Thursday afternoon, the Senate passed a version of Governor Bill Lee’s controversial Education Savings Account or ESA Voucher Plan.

The Senate version would send an estimated $7,300 yearly to eligible students in Davidson and Shelby counties to use to pay for private schooling.

But despite opposition from Tri-Cities educators, local senators voted in favor of the voucher program.

“Basically it’s just a foot in the door to expand it statewide,” said Joe Crabtree, a Teacher and President of the Johnson City Education Association.

The Superintendent of Kingsport City Schools says they would rather see that money go towards the needs of public education. 
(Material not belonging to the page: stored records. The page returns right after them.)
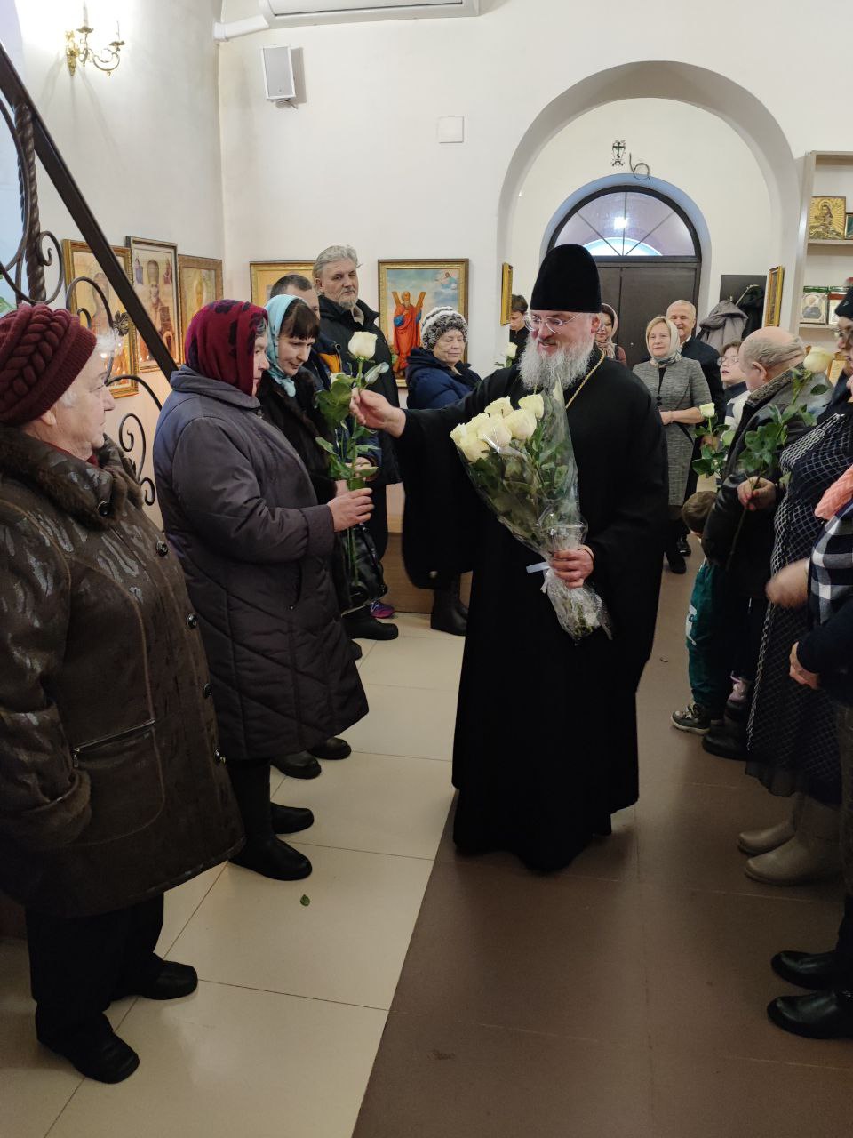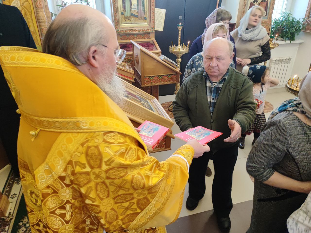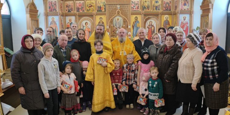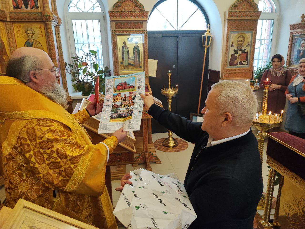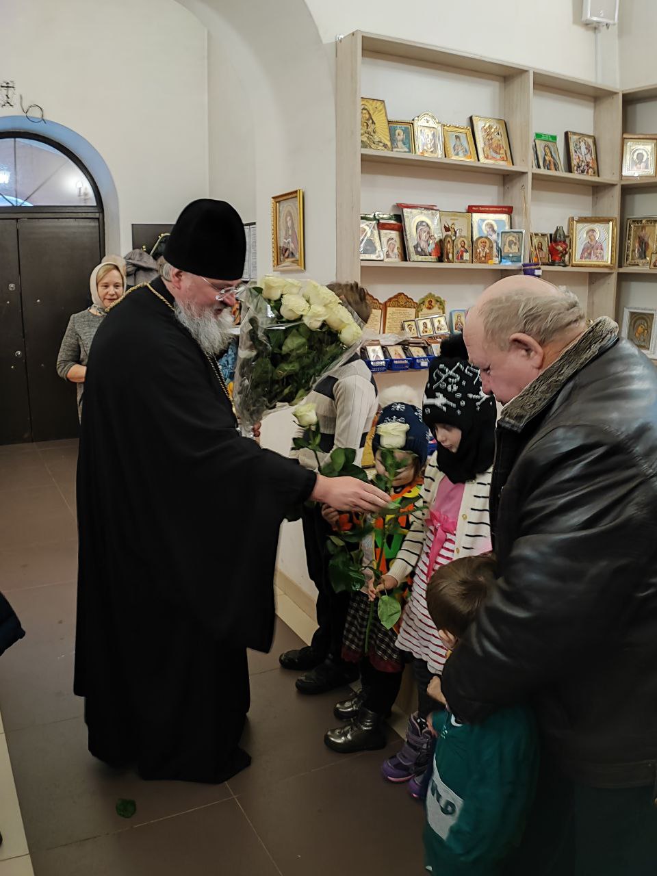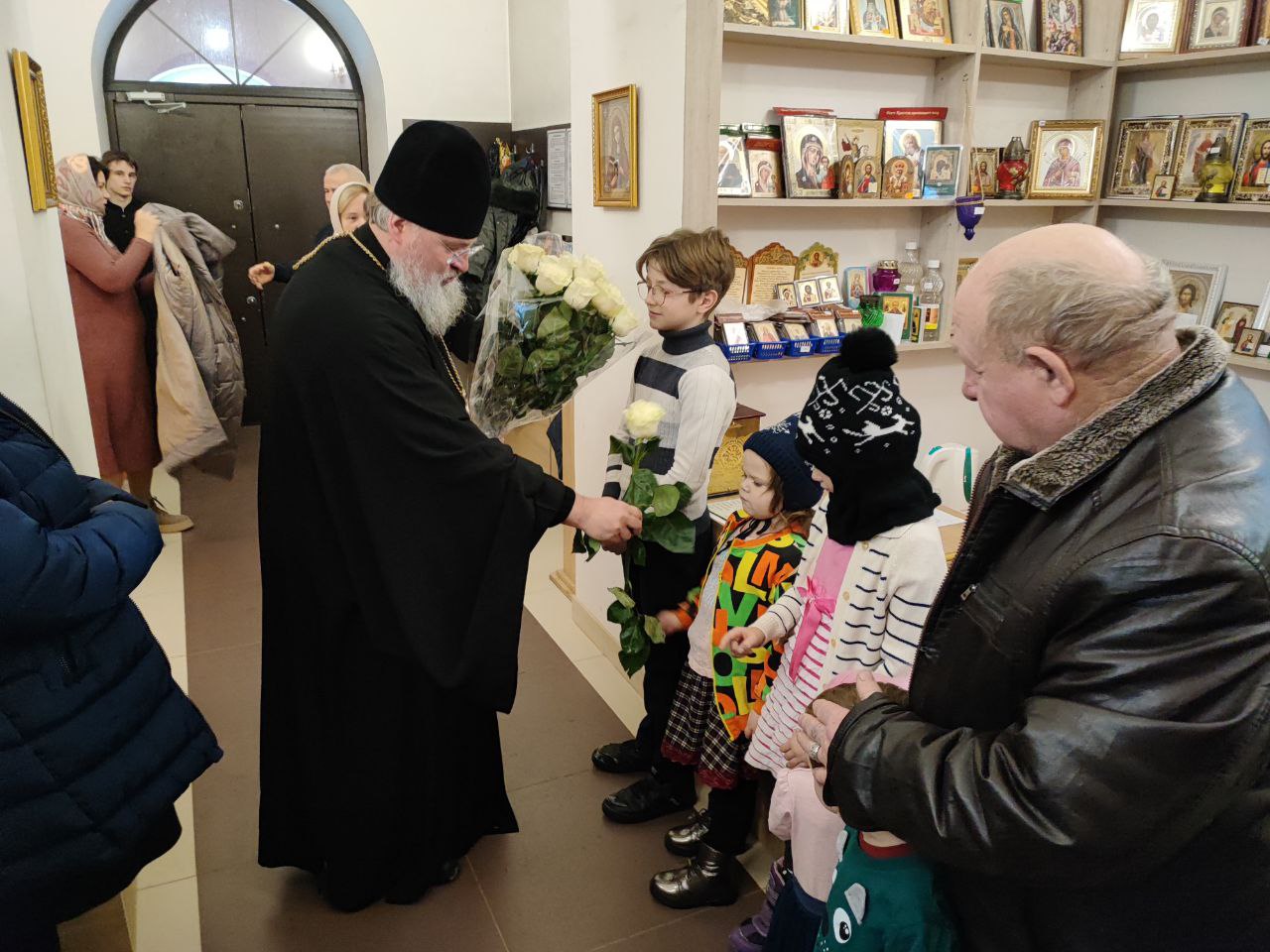 Архипастырь поздравил ктитора храма Николая Кленова с прошедшим днем рождения, который был накануне и с грядущим днем тезоименитства и преподнес ему святую просфору и памятный подарок. Всем прихожанам владыка вручил Святое Евангелие от Иоанна с толкованиями. Также все получили календари на грядущий год с видами храма, а маленькие богомольцы —  сладкие подарки.
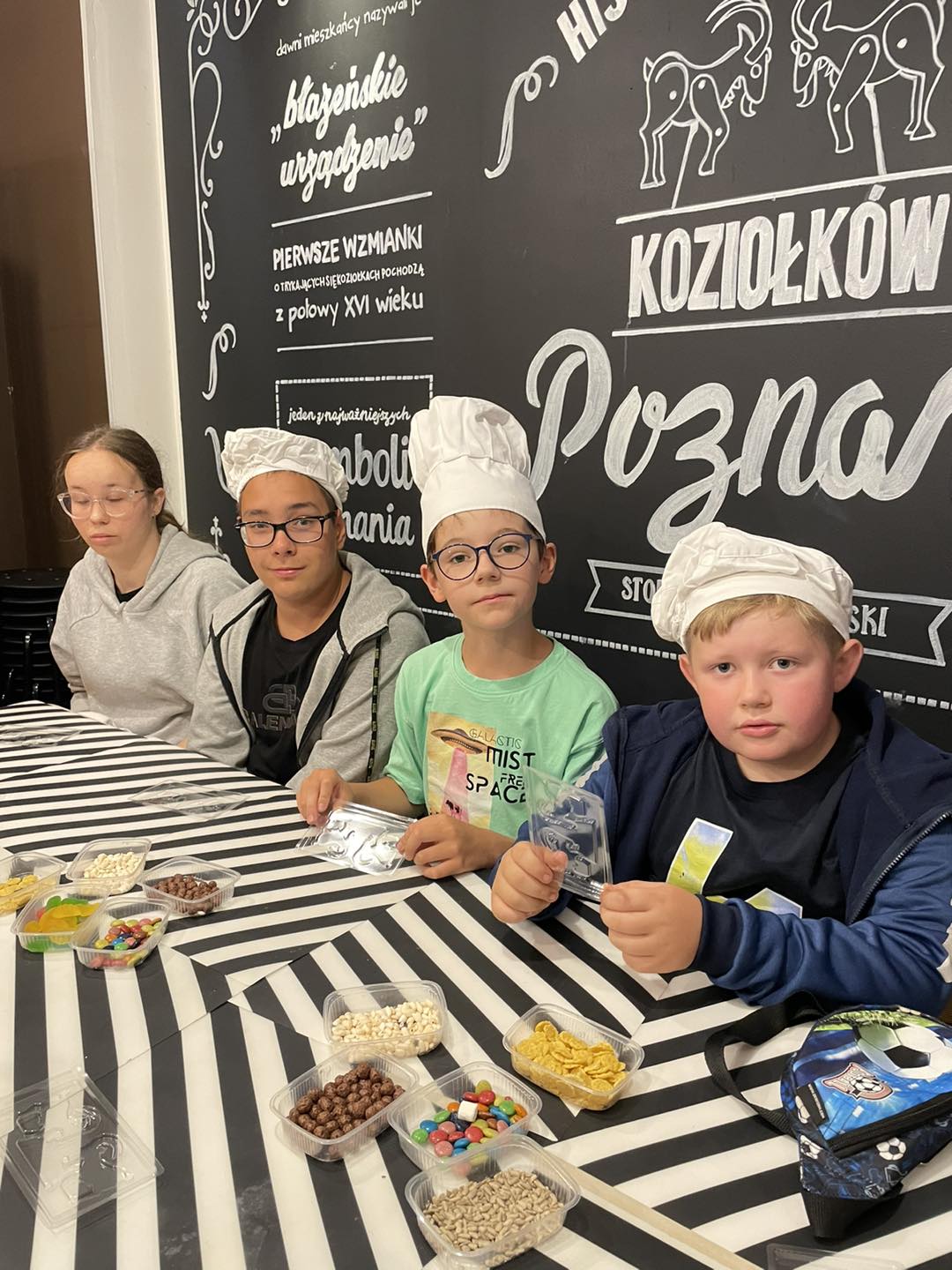 Nie był to jednak koniec słodkości, tego dnia wycieczka udała się do Rogalowego Muzeum w Poznaniu gdzie poznaliśmy historie słynnych poznańskich Koziołków. Następnie uczestnicy własnoręcznie wykonali pocztówki metodą piaskową oraz mieli małą lekcję gwary poznańskiej. Na sam koniec nie mogło zabraknąć legendy o Świętym Marcinie i oczywiście przyszedł czas na wykonanie słynnych Rogali Świętomarcińskich. Dzieciaki poznały recepturę na idealne ciasto oraz nadzienie i wspólnie wykonały słynny poznański przysmak.
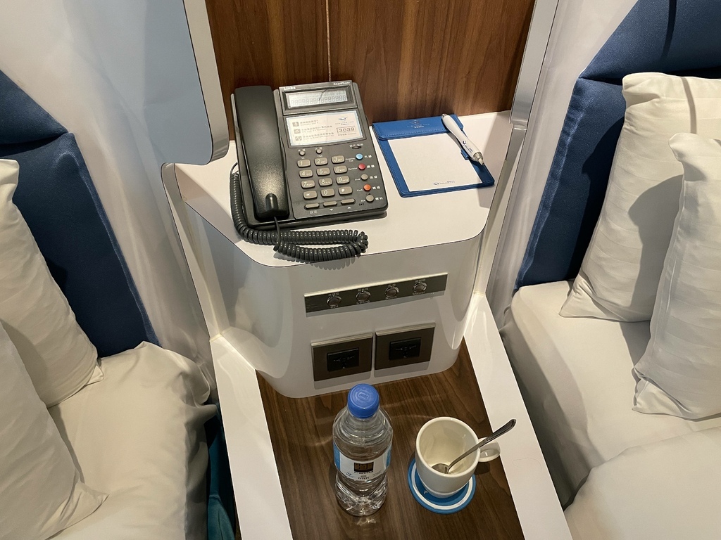 ↓床頭有插頭,邊充電邊玩手機還蠻方便的。燈光的控制台也在床頭這邊。
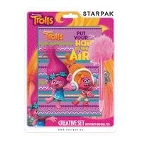 Pamiętnik z kolekcji Starpak zamykany na kłódkę aby lepiej chronić małe sekrety. Okładka przedstawia grafikę Trolls. Do zestawu dołączono długopis z ozdobnym wykończeniem z piór. Pamiętnik rozwija wyobraźnię oraz wpływa na rozwój umiejętności dziecka w zakresie formułowania myśli i zmiany ich w formę pisemną. Zapoznaj się również z innymi produktami Starpak z serii Trolls! Zestaw pakowany na blistrze. Przeznaczony dla dzieci w wieku: 3+. Wymiary opakowania(wys.x szer. x gł.) [cm]: 24,5x18,5x2.
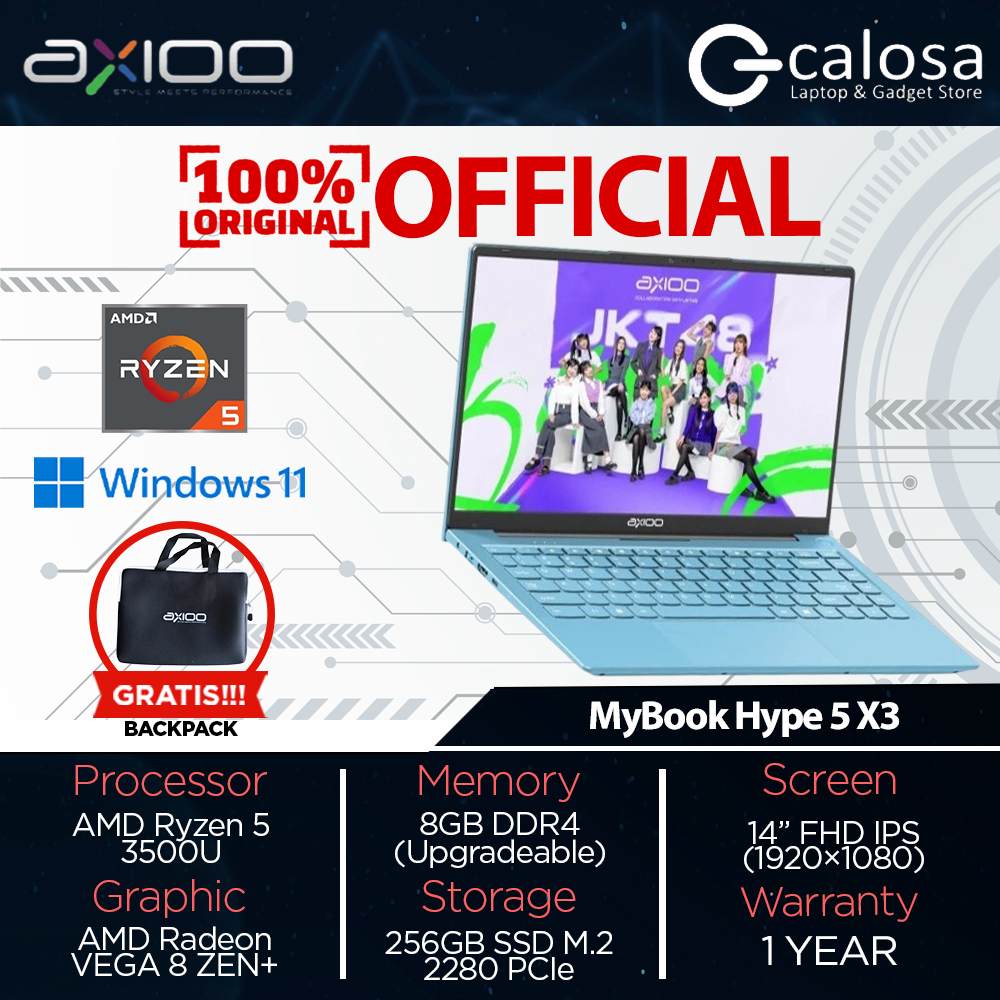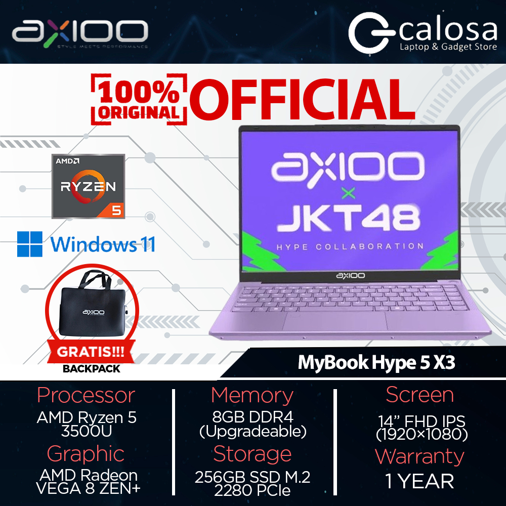 Axioo MyBook Hype 5 X3 AMD Ryzen 5 3500U 16GB / 8GB RAM 256GB SSD Windows 11 Original Laptop Pink Purple Blue LOLLIPOP
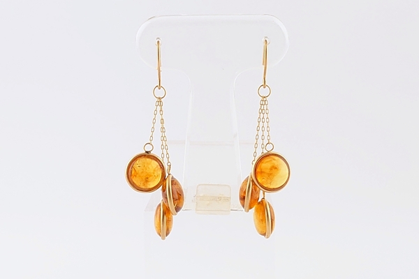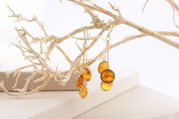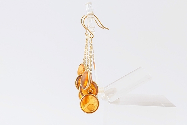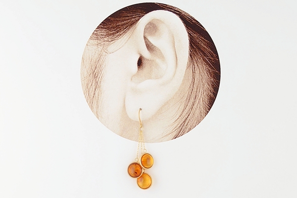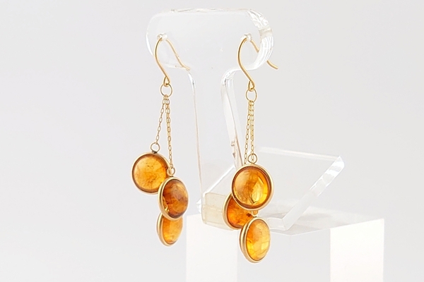 繊細な金枠にはめこまれた、同じトーンのリファインドアンバーが、瞬間ごとに異なる色合いで耳元を彩ります。
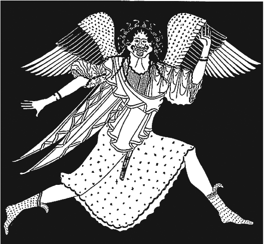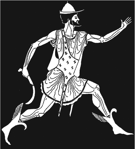 Фигура 45б. Персей бяга с главата на Медуза в торбата си (червенофигурна амфора, Гърция, V в. пр.н.е.)
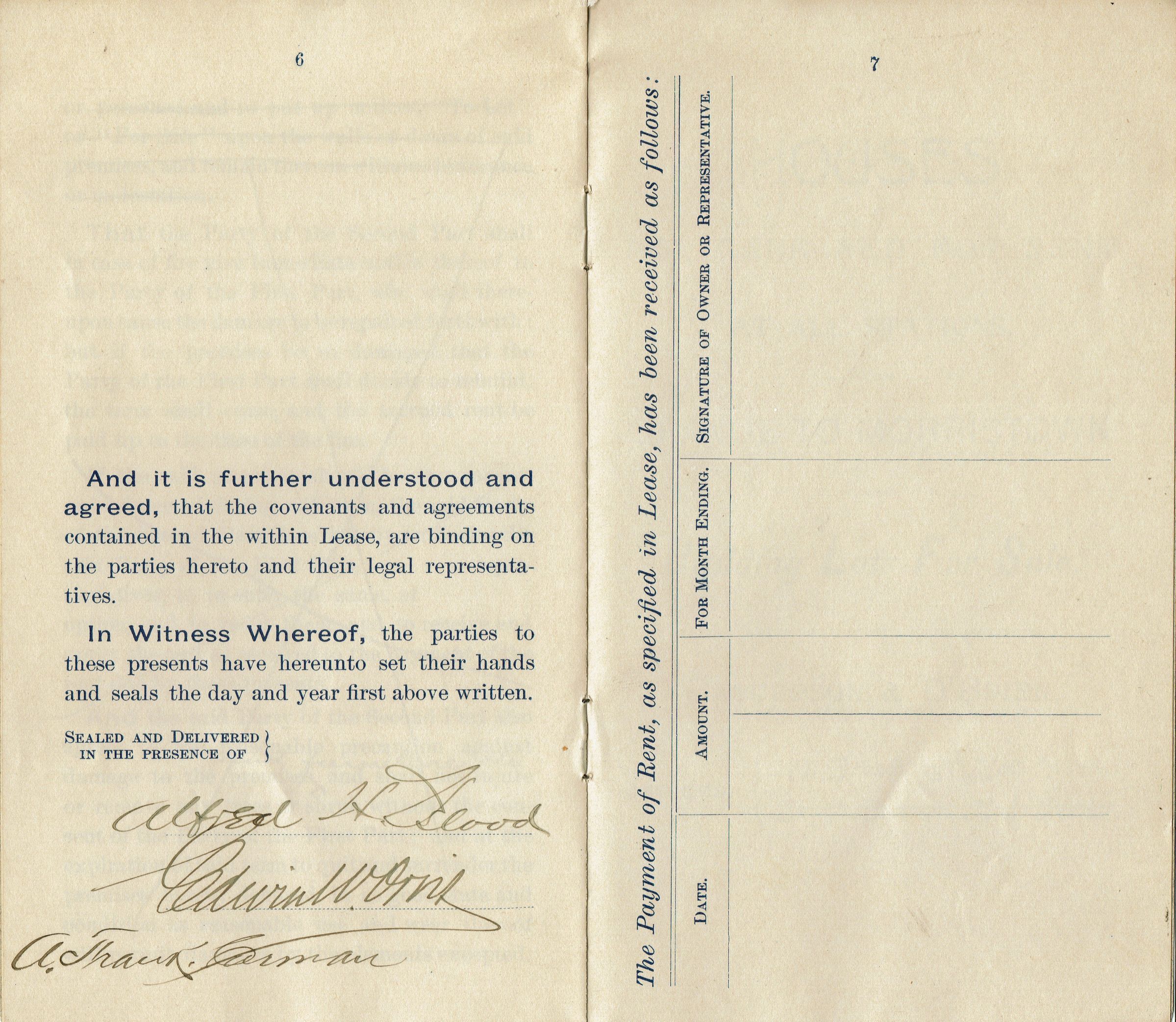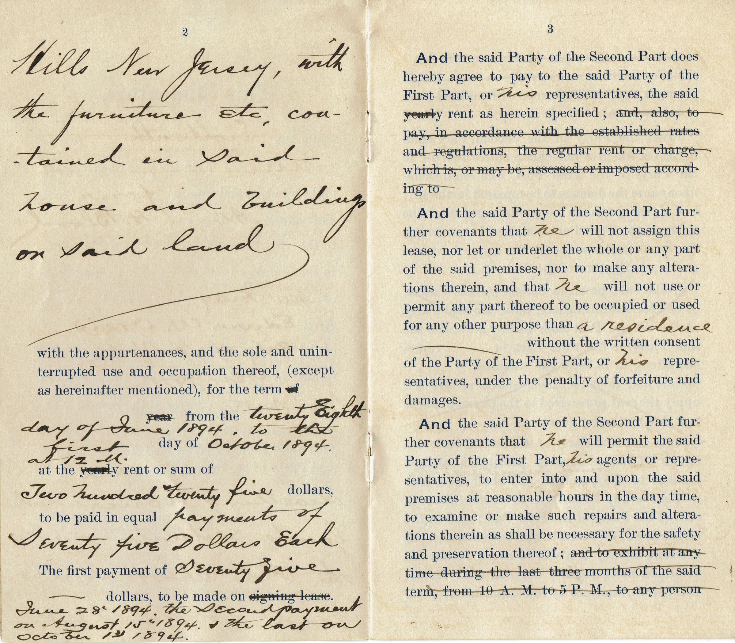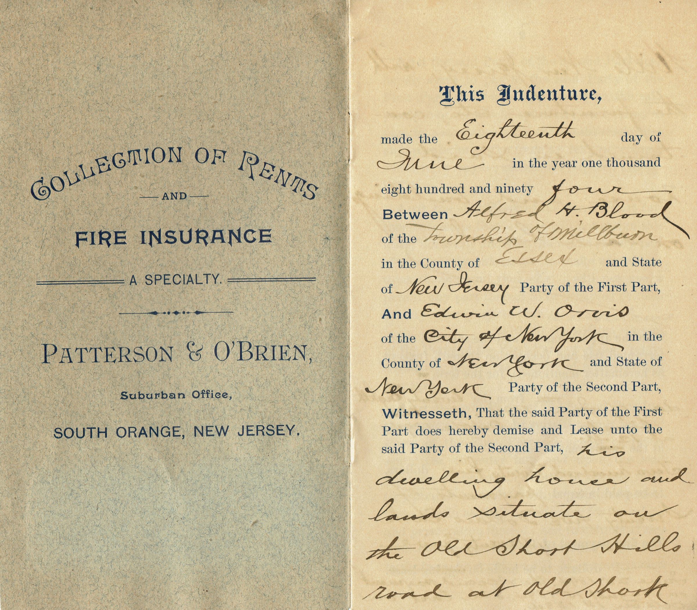 Eight-page lease for Alfred H. Blood's dwelling house and lands situated on the Old Short Hills Road at Old Short Hills, NJ with the furniture, etc., contained in the house and land to Edwin W. Orvis from June 28, 1894 to October 1, 1894. The rental fee for that period was $225.00.Collection

“There’s lots of uses for those funds that would be very useful if they were made available to us locally,” said Jeff Morehouse, Superintendent of Kingsport City Schools. “It’s disappointing to hear that.”

One teacher at David Crockett High School took the day off and went to Nashville to hear the Senate vote in person.

“I grew up very poor and public education saved my life and I feel an extreme obligation to protect it,” said Jamie Freeman. “They sold out to special interest against the desire and demand of the constituent.”

Educators in the region say they feel like thier voices are not being heard. The Kingsport City Schools school board held a called meeting and passed a resolution opposing vouchers on Tuesday night. They sent that resolution to local lawmakers in hopes that they would vote no.

Both Senators Rusty Crowe and Jon Lundberg voted in favor of the bill. They say they voted because they wanted to improve the lives of children in Davidson and Shelby County.

“Well candidly we don’t have any failing schools in Northeast Tennessee period,” Sen. Jon Lundber said. “We really have solid schools, so I don’t think those folks should be concerned.”

“This is not a solution to fixing our failing schools, but it is a piece of this puzzle that will allow some of these children to move up and progress,” Sen. Rusty Crowe said.

The House and Senate will meet in what’s called a conference committee to resolve major differences in the legislation and the final version of the bill will face a another vote.